Thanks for your post. Is there any chance that you can make a version of your article, 'The parameters of precedent in "pesak halakhah"' available online?

-David

Anonymous said...

I once heard a story that some students (at YU?) went to complain to Rav Aharon Soloveitchik about mixed seating at a wedding. He sighed, and said, "Oy vey - how do you think I met Ella?"

Gil Student said...

It might have happened more than once, but when I was in YU a friend of mine had that experience with R. Ahron Soloveichik (note the spelling of his name). That friend was his shamash at the time and mentioned to R. Ahron that he had gone to another friend's wedding and was surprised that the singles were seated mixed. So R. Ahron responded... as above.

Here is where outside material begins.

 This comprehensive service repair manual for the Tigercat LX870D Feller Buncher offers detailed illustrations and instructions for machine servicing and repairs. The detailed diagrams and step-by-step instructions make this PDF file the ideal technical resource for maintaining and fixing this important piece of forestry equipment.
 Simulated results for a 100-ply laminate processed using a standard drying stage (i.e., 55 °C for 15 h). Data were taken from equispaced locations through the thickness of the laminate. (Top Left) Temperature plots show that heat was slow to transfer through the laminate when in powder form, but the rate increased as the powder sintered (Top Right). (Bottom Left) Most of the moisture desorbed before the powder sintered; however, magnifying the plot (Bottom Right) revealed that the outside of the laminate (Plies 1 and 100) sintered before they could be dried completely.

The friend of mine is now a rebbe in MTA.

Anonymous said...

" Sunday mornings, there were women who came but they sat at a side table"
I think you are correct-but obviously R. Moshe Meiselman tries to leave a different impression about the Rav. Please comment on his stories from the latest Jewish Action-where he claims the Rav limited Torah Shebaal peh for women to the Halacha lemaaseh. Isuspect a different interpretation to Rav Meiselman's stories-I'm assuming the stories are accurate. Please comment.

Hashouk said...

A voice of reason in the mechitzah wars ... the "haktzana" in our community is driving people away. The "definition" of what it means to be dati in Israel is in itself disenfranchising a whole group of people.

Anonymous said...

" The "definition" of what it means to be dati in Israel is in itself disenfranchising a whole group of people."

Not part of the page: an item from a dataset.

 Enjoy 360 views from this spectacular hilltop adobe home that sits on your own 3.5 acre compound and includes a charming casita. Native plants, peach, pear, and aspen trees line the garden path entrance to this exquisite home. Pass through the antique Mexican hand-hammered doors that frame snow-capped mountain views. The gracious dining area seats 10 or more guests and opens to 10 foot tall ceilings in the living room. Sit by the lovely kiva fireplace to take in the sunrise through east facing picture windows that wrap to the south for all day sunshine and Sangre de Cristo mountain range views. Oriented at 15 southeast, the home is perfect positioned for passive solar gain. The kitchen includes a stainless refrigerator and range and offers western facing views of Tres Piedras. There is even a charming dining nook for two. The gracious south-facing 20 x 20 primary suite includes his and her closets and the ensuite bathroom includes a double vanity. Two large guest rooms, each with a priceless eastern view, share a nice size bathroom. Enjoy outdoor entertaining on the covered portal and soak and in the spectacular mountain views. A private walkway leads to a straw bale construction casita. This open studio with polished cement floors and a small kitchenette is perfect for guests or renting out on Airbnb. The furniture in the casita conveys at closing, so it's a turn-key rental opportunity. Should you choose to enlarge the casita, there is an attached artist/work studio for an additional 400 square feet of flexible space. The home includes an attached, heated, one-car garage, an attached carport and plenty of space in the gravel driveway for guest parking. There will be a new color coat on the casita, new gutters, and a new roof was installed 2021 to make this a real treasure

I would paraphrase out of step by

The changing "definition" of what it means to be religious in North America is in itself disenfranchising a whole group of people and unlike Israel will alienate them not only from religious Judaism but from Judaism entirely.

Anonymous said...

My wife and I decided to have mixed seating. I have few Orthodox relatives. I felt that they would be quite uncomfortable if they were seated separately and that having a few "mixed tables" for those relatives or other non-Orthodox people would be counterproductive. My wife then designed a womens' dancing area with a mechitzah that worked well.